Start of INFORMATION GIVEN
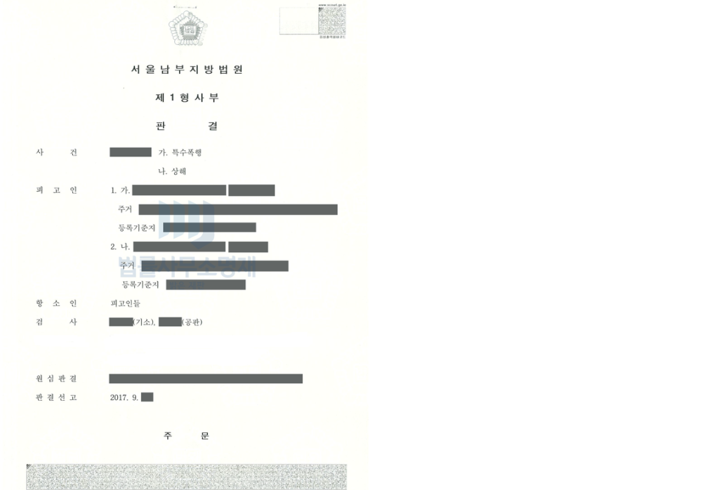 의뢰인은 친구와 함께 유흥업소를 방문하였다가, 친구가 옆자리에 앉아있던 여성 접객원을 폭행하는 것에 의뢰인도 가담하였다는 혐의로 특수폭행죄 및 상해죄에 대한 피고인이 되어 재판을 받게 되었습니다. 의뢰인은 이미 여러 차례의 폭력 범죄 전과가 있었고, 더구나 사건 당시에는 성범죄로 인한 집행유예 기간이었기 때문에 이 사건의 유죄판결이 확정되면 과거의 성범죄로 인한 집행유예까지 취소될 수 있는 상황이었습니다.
End of INFORMATION GIVEN
Start of INFORMATION GIVEN
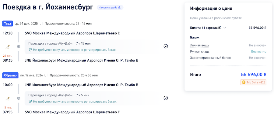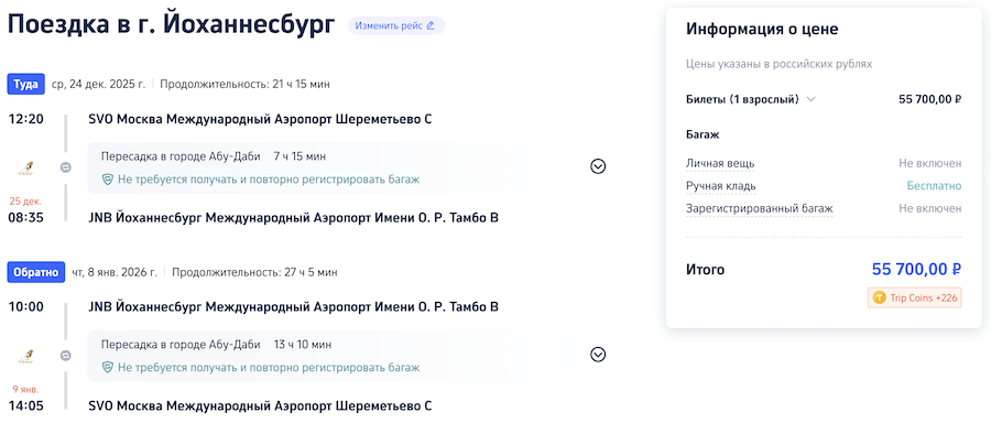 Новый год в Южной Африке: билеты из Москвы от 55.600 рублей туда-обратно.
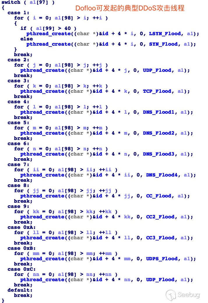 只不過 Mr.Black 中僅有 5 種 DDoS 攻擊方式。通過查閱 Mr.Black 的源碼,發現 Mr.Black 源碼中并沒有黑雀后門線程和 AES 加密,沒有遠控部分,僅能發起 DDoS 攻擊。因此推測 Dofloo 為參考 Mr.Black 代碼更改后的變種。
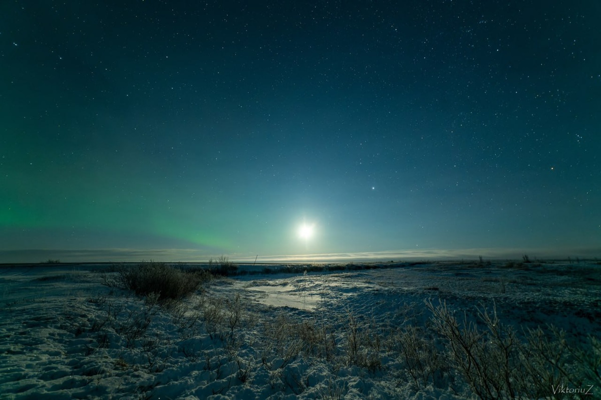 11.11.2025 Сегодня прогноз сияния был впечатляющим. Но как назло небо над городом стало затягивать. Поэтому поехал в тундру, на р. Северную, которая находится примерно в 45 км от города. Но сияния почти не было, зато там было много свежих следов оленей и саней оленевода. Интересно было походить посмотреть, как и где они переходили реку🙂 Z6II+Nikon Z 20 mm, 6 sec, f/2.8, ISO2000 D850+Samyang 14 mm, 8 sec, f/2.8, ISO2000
End of INFORMATION GIVEN
Start of INFORMATION GIVEN
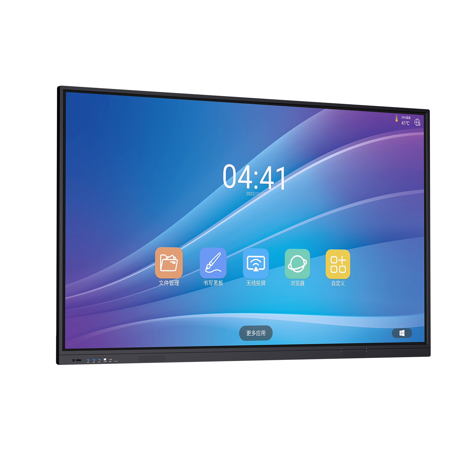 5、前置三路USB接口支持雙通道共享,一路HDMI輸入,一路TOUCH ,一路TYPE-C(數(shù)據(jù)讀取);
End of INFORMATION GIVEN
* [WORK TO COMPLETE]
Reproduce exactly, with no pictures, the lines above from the one holding "Новый год в" to the one holding "11.11.2025 Сегодня прогноз", inclusive.

* [PROBLEM SOLUTION]
 Новый год в Южной Африке: билеты из Москвы от 55.600 рублей туда-обратно.
 只不過 Mr.Black 中僅有 5 種 DDoS 攻擊方式。通過查閱 Mr.Black 的源碼,發現 Mr.Black 源碼中并沒有黑雀后門線程和 AES 加密,沒有遠控部分,僅能發起 DDoS 攻擊。因此推測 Dofloo 為參考 Mr.Black 代碼更改后的變種。
 11.11.2025 Сегодня прогноз сияния был впечатляющим. Но как назло небо над городом стало затягивать. Поэтому поехал в тундру, на р. Северную, которая находится примерно в 45 км от города. Но сияния почти не было, зато там было много свежих следов оленей и саней оленевода. Интересно было походить посмотреть, как и где они переходили реку🙂 Z6II+Nikon Z 20 mm, 6 sec, f/2.8, ISO2000 D850+Samyang 14 mm, 8 sec, f/2.8, ISO2000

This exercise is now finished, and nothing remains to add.